Given information =>
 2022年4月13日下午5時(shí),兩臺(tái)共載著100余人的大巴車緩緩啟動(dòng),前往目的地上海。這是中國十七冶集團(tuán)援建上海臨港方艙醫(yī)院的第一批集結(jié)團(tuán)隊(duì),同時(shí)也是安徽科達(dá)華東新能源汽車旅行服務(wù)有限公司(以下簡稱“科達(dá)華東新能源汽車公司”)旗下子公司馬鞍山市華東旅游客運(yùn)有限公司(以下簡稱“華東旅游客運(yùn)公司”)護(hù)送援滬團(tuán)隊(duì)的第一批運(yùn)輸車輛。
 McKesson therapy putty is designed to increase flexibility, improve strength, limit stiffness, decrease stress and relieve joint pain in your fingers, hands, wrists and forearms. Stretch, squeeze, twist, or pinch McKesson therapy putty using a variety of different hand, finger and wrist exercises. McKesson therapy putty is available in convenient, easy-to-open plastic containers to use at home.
--
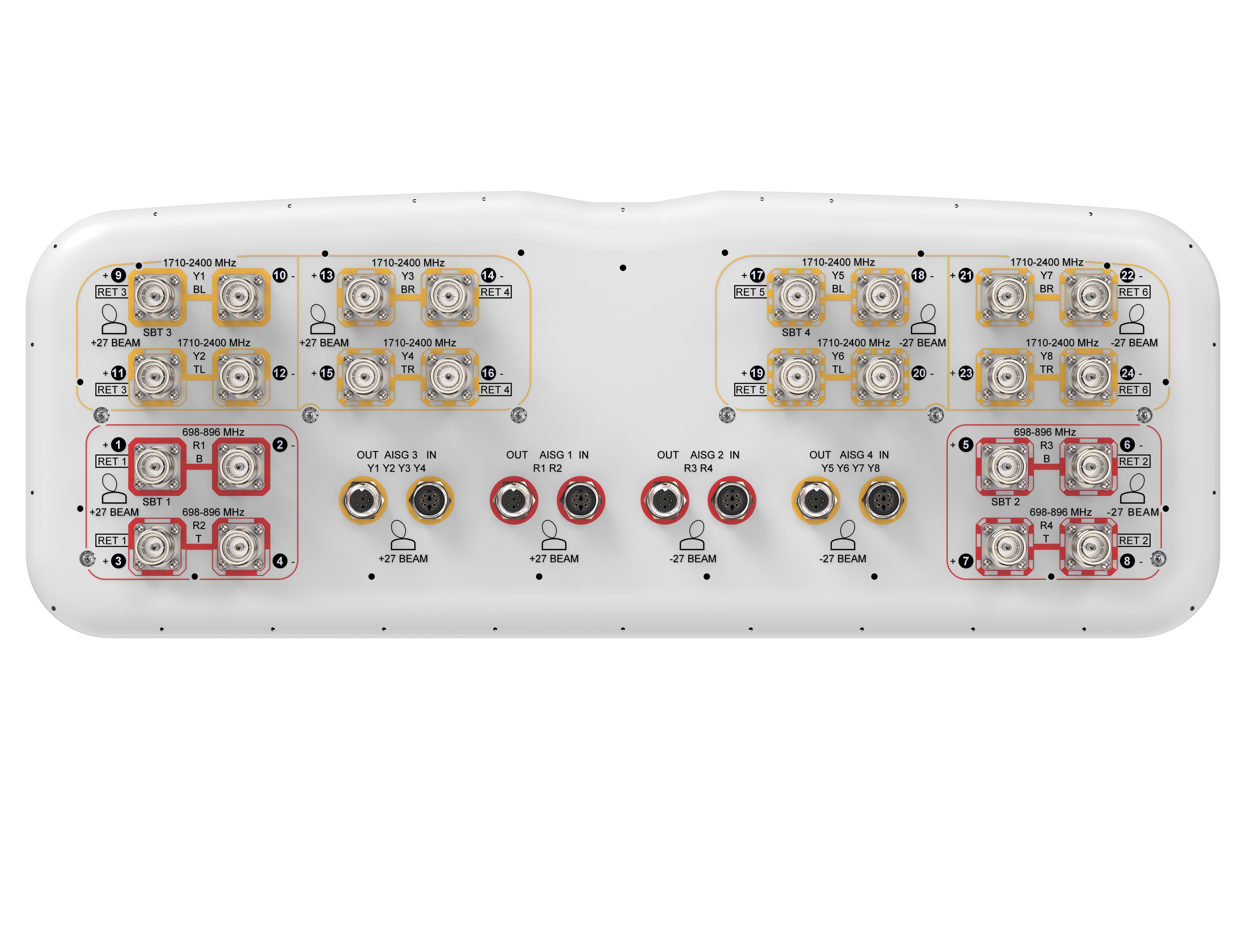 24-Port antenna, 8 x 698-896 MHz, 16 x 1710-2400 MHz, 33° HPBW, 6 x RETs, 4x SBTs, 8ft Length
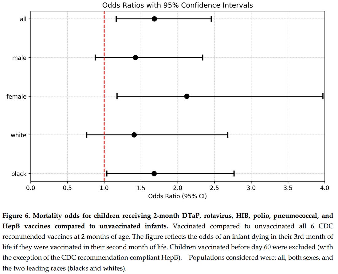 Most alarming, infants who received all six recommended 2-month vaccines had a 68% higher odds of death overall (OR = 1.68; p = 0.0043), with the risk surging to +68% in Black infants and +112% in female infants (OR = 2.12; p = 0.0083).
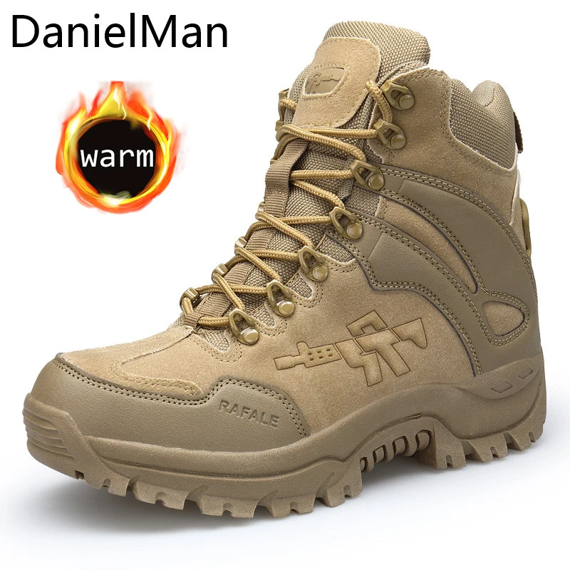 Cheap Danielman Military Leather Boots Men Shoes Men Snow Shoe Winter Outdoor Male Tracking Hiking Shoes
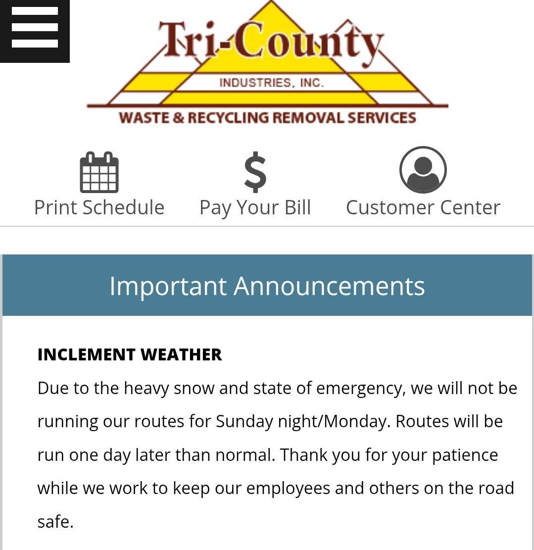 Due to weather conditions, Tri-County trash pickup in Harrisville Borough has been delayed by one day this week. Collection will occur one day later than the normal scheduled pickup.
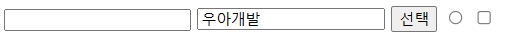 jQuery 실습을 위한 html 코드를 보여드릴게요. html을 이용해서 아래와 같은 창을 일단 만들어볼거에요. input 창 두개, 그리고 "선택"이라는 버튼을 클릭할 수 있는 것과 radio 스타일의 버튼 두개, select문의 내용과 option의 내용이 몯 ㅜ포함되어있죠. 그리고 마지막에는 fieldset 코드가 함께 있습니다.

What to work on =>
Restate word for word the lines of the data above that begin at the line with "24-Port antenna, 8" and end at the line with "Cheap Danielman Military", keeping both ends and dropping every picture.

Exercise output =>
 24-Port antenna, 8 x 698-896 MHz, 16 x 1710-2400 MHz, 33° HPBW, 6 x RETs, 4x SBTs, 8ft Length
 Most alarming, infants who received all six recommended 2-month vaccines had a 68% higher odds of death overall (OR = 1.68; p = 0.0043), with the risk surging to +68% in Black infants and +112% in female infants (OR = 2.12; p = 0.0083).
 Cheap Danielman Military Leather Boots Men Shoes Men Snow Shoe Winter Outdoor Male Tracking Hiking Shoes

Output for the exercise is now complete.